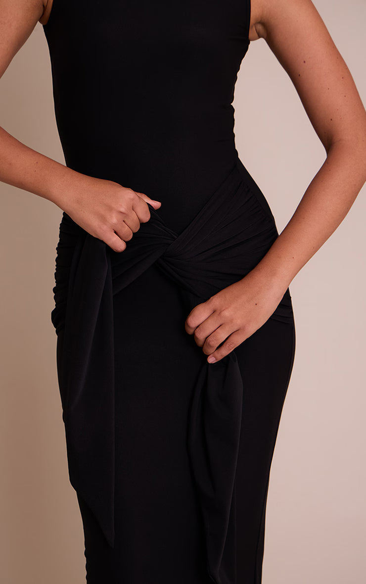 Your definitive statement in streamlined daywear. The black jersey boat neck wrap detail maxi dress champions a sleek, close-fitting silhouette, featuring a confident boat neckline and a distinctive wrap detail at the waist that artfully shapes the form before cascading to a refined maxi length. This sleeveless design offers a knowing versatility for any day occasion. Complete your ensemble with a pair of edgy chunky boots and subtle gold earrings for an effortlessly polished look that asserts contemporary style.
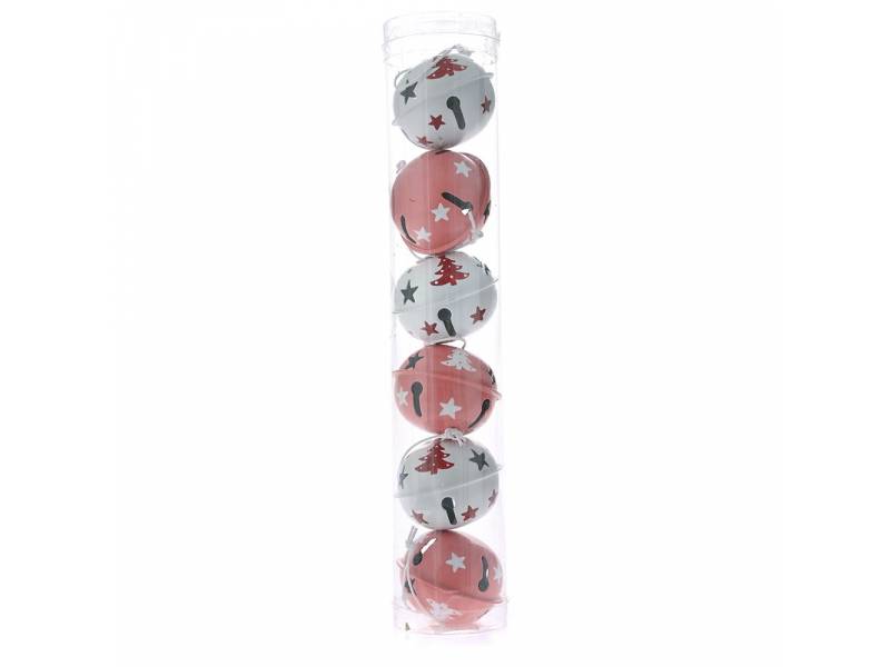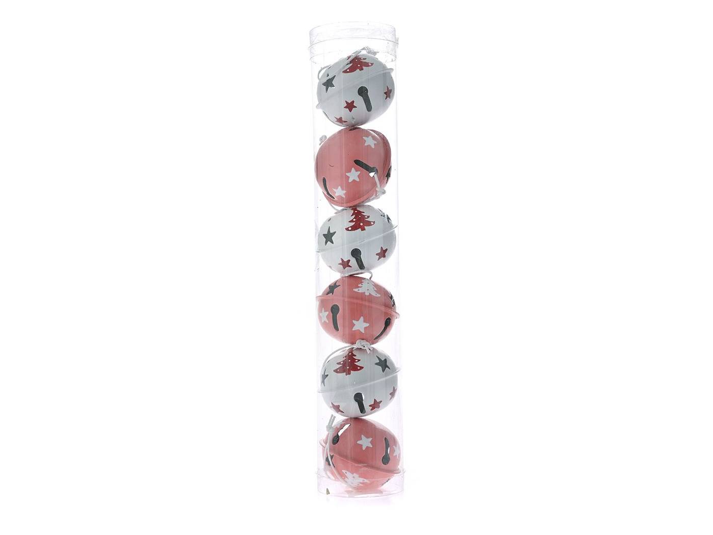 Λευκά ροζ μεταλλικά κουδούνια με σχέδιο δέντρα 5 εκ. σετ 6-bigstore.gr
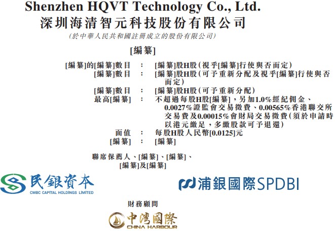 According to the Hong Kong Stock Exchange's disclosure on August 6, Shenzhen Haiqing Zhiyuan Technology Co., Ltd. (referred to as: Haiqing Zhiyuan) has submitted a listing application to the main board of the Hong Kong Stock Exchange, with Minyin Capital and Pudong Development Bank International as its joint sponsors.
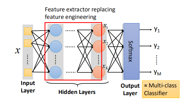 • 全连接前馈网络的隐藏层起到特征提取的作用,输入的特征经过隐藏层之后转换成一组新的特征,取代之前的手动特征转换工程。
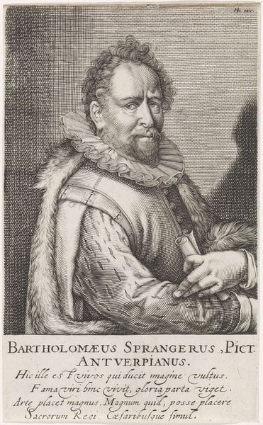 Editor: This engraving, "Sebastiaan Vrancx," made between 1630 and 1645 by Schelte Adamsz. Bolswert, strikes me as a study in power. The subject's gaze, the way he holds that sword... What do you see in this piece? Curator: It's more than just power, I think. Consider the historical context: Vrancx was a painter of battles. This portrait, created in the Dutch Golden Age, presents a specific type of masculinity – one tied to civic duty and military prowess but also artistry. Bolswert's choice to depict Vrancx with such detail also highlights the sitter’s identity, positioning him within a nexus of artistic, social and political concerns. Who held the power to commission portraits like this? Editor: So it speaks to a hierarchy of status. Does his stern expression suggest something beyond confidence, maybe a burden? Curator: Absolutely. Think about the Netherlands at this time, constantly navigating political and religious turmoil. Vrancx, as a painter of battles, visualised these struggles, maybe even participated in them. This image then becomes a reflection on the costs of conflict and leadership. We should ask: who benefits from this representation of power, and whose stories are left untold? Editor: That’s a great point. I was focusing solely on the individual, but placing it within that wider societal conflict and hierarchy changes my understanding. Thanks! Curator: Precisely. Examining these works necessitates an intersectional lens, enabling us to comprehend the intertwined aspects of identity formation.
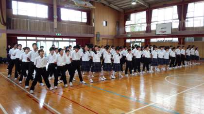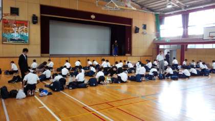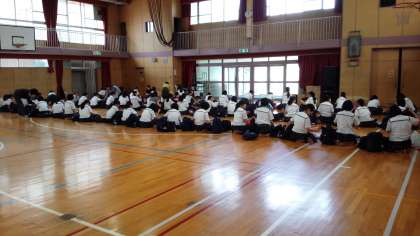 写真は、体育館での、1年生の一泊移住前日指導の様子です。
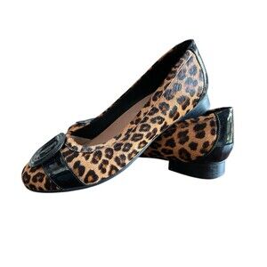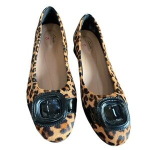 Clark's Pony Hair Leopard Print Blush Cove Ballet Flats Patent Leather Shoes 9 M
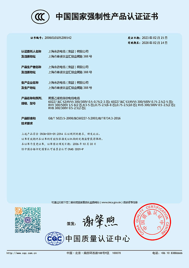 下一篇 : 中国国家强制性产品认证证书-聚氯乙烯绝缘无护套电缆电线
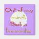 Aimant Hors de mon esprit, retour dans cinq minutes
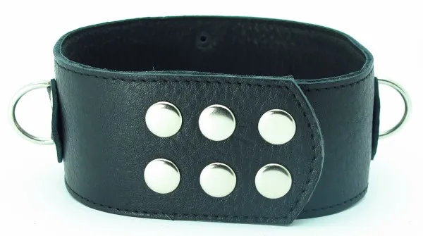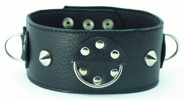 Черный кожаный ошейник с короткими шипами. Имеет три кольца для карабинов, два ряда заклепок-застежек. Ширина ошейника - 5см. Размер регулируется.
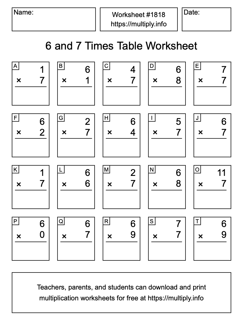 6 and 7 Times Table Worksheet #1819
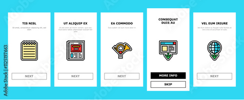 Vektorová sada vertikálních bannerů s výměnou, smlouvou, růstem, vizí, šablonami webových stránek konceptu. Moderní tenké linie plochý styl designové prvky pro web, tisk.
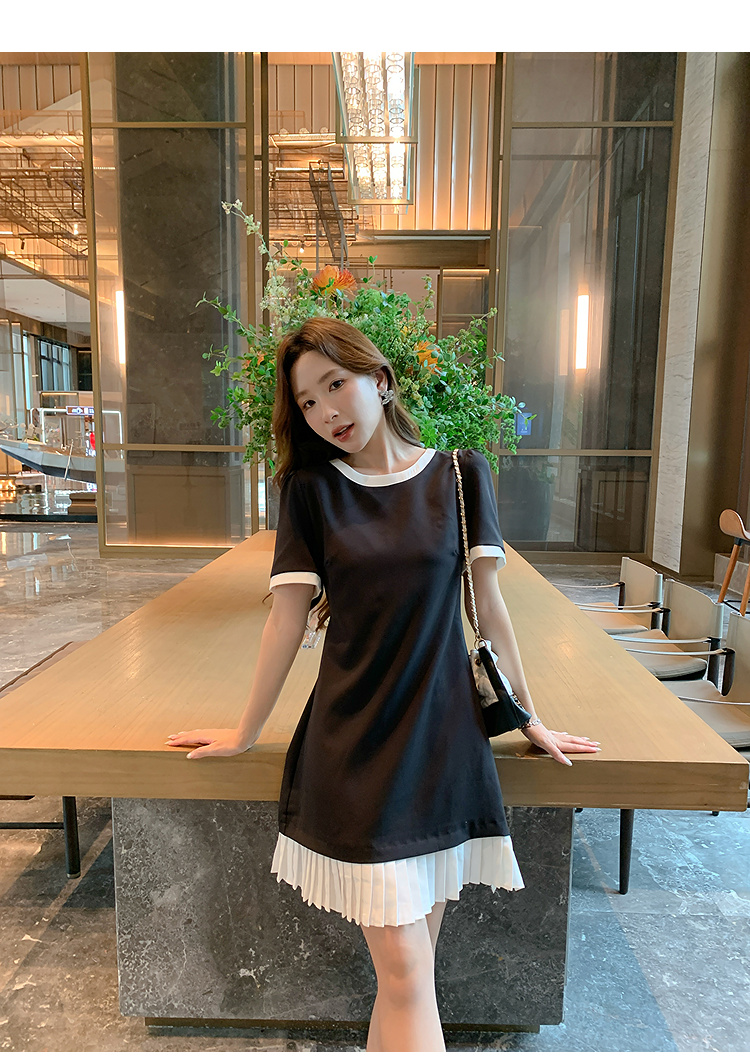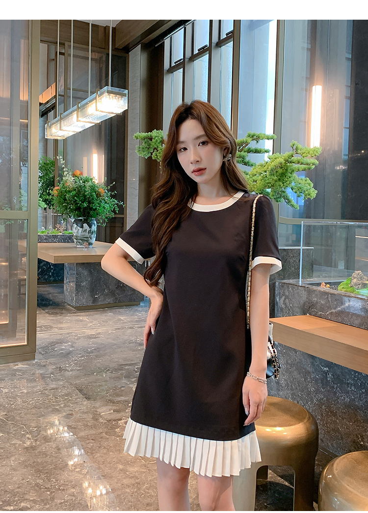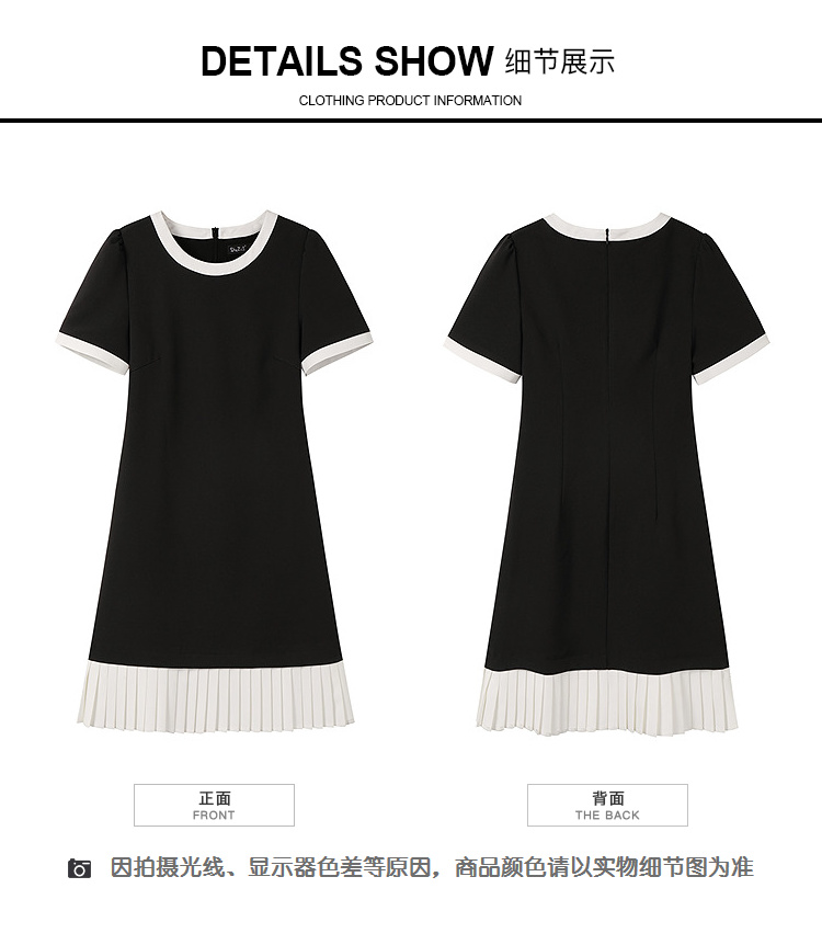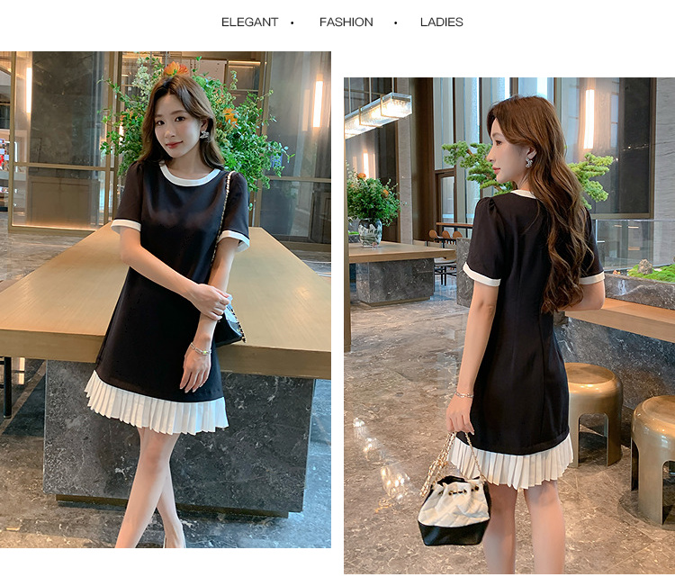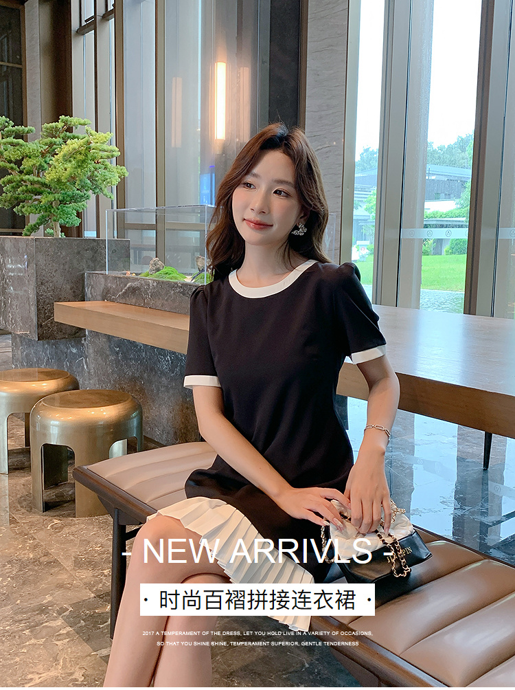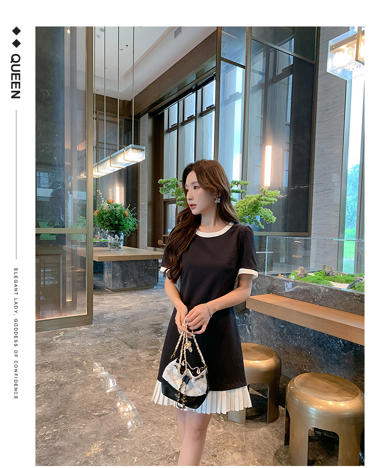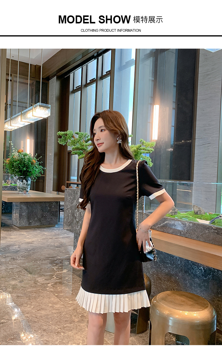 奢姿大码女装2025夏季减龄百褶拼接时尚连衣裙胖妹妹简约圆领裙子9952890472
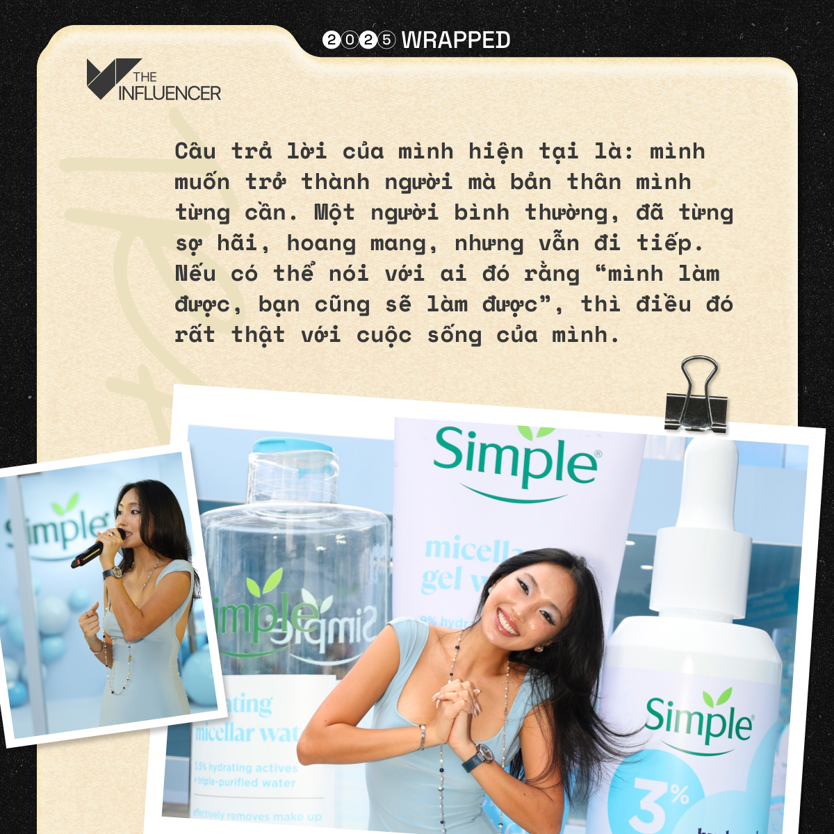 Câu trả lời của mình hiện tại là: mình muốn trở thành người mà bản thân mình từng cần. Một người bình thường, đã từng sợ hãi, hoang mang, nhưng vẫn đi tiếp. Nếu có thể nói với ai đó rằng “mình làm được, bạn cũng sẽ làm được”, thì điều đó rất thật với cuộc sống của mình. Khi thấy khán giả tương tác với nội dung theo cách rất cá nhân, rất sâu, mình hiểu rằng mình đang mang lại giá trị cho một nhóm người nhất định. Với mình, đó là những giá trị thật mình muốn đem đến.
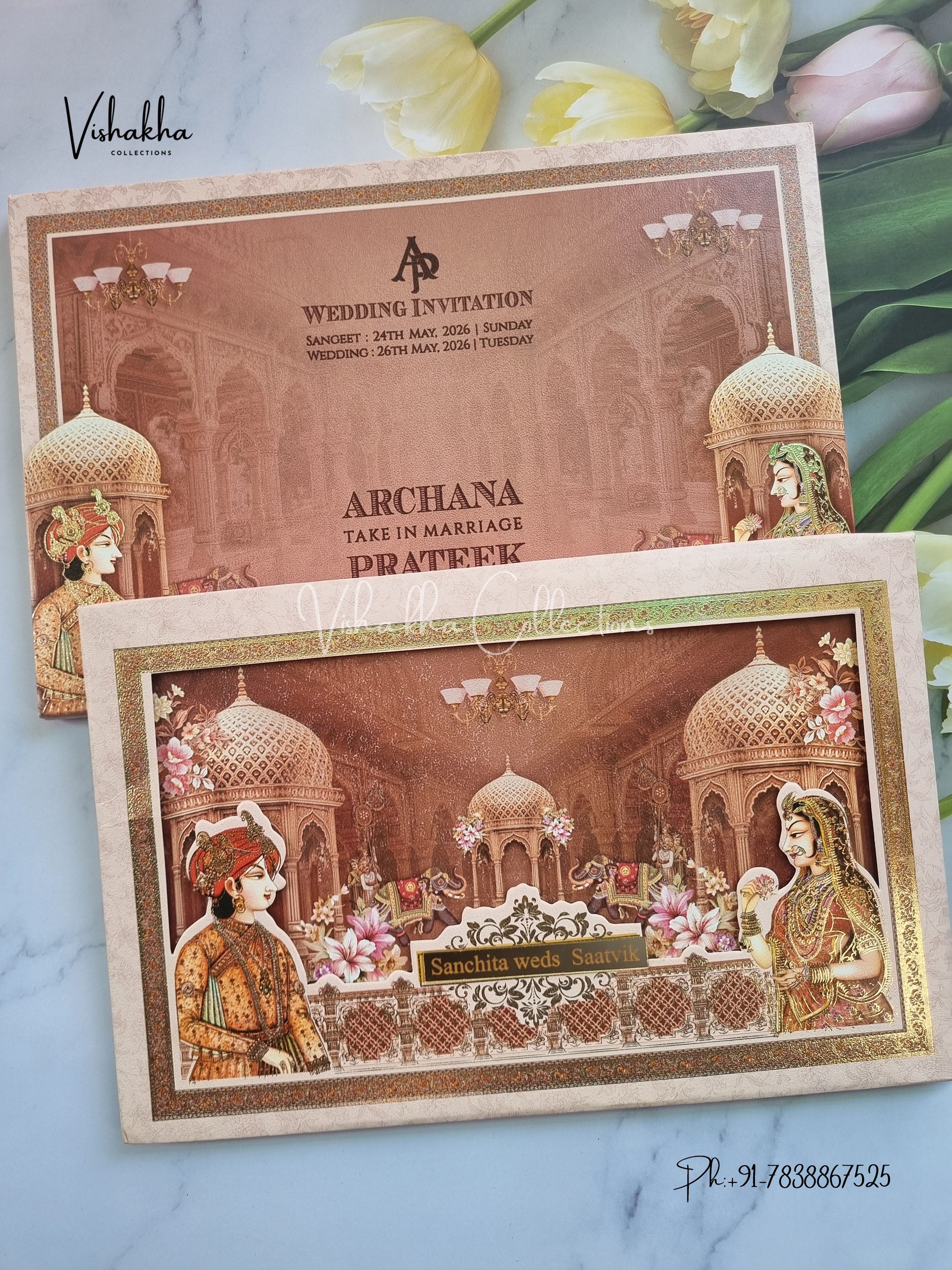 Vishakha Collections presents you beautiful luxury wedding invitation cards with all latest designs and the latest variety. Its just not a wedding invitation card but a beautiful feeling of love and relationship it carries for you. Beautifully printed and packed with a bundle of love. if you like it, dont think again, just go for it.If you are worrying about the quality of the product, send your doubts to us. We are here to help you. If you want in wholesale or bulk, dont forget to contact us.

• **Problem**
Beginning at the line above that contains "Aimant Hors de", repeat each line exactly through the one that contains "Câu trả lời", and leave out the pictures.

• **Exercise result**
 Aimant Hors de mon esprit, retour dans cinq minutes
 Черный кожаный ошейник с короткими шипами. Имеет три кольца для карабинов, два ряда заклепок-застежек. Ширина ошейника - 5см. Размер регулируется.
 6 and 7 Times Table Worksheet #1819
 Vektorová sada vertikálních bannerů s výměnou, smlouvou, růstem, vizí, šablonami webových stránek konceptu. Moderní tenké linie plochý styl designové prvky pro web, tisk.
 奢姿大码女装2025夏季减龄百褶拼接时尚连衣裙胖妹妹简约圆领裙子9952890472
 Câu trả lời của mình hiện tại là: mình muốn trở thành người mà bản thân mình từng cần. Một người bình thường, đã từng sợ hãi, hoang mang, nhưng vẫn đi tiếp. Nếu có thể nói với ai đó rằng “mình làm được, bạn cũng sẽ làm được”, thì điều đó rất thật với cuộc sống của mình. Khi thấy khán giả tương tác với nội dung theo cách rất cá nhân, rất sâu, mình hiểu rằng mình đang mang lại giá trị cho một nhóm người nhất định. Với mình, đó là những giá trị thật mình muốn đem đến.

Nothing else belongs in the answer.